Fig. 11. The OD₆₀₀ Value curves. (A) The curves about group Ⅴ (B) The curves about group Ⅴ and Ⅵ.

These results indicate that interference from E.coli cell density to measured values of OD₅₇₇ and OD₄₅₈ is beyond our expectation. Therefore, before removing the interference, there are some problems in using chromoproteins to specifically record the growth curve of a strain in co-culture system. But the cell density in group Ⅴ (induced group) was significantly lower than group Ⅵ control group (non-induced group), which means the Colicin-N kit was active successfully by IPTG induced and indicator’s growth was inhibited. We need further processing of data to analyze the growth status. The results of the analyzation are listed below (Fig. 12-13) and the calculations are attached to the appendix.

Fig. 12. The relative OD Value growth curves. (A) The curves about group Ⅴ and Ⅵ. (B) The curves about group Ⅶ and Ⅷ.

Fig. 13. The relative OD Value growth curves of TND and PEF. (A) The curves of group Ⅸ. (B) The curves of group Ⅹ. (C) The curves of group ⅩⅠ. (D) The curves of group ⅩⅡ.
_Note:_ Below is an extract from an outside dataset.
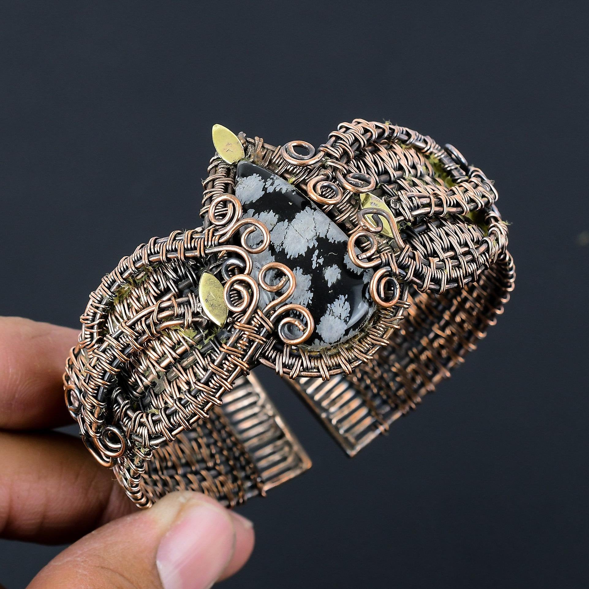 This intricate bracelet is crafted with high-quality copper wire, expertly woven to create a mesmerizing design that wraps comfortably around your wrist. Its distinctive style is highlighted by a polished central gemstone, adding a unique focal point that draws the eye and complements any outfit.

As the figures shows, the effect of Colicin-N kit is significant, which means E.coli Bl21 (DE3) carrying biobrick BBa_K2922038 (TND) possesses the ability to kill other bacteria in co-culture system and plays as an “Aggressive” part. However, the virulence of Colicin-E1 kit was not presented by the E.coli Bl21 (DE3) carrying biobrick BBa_K2922039 (PEF), according the figure above.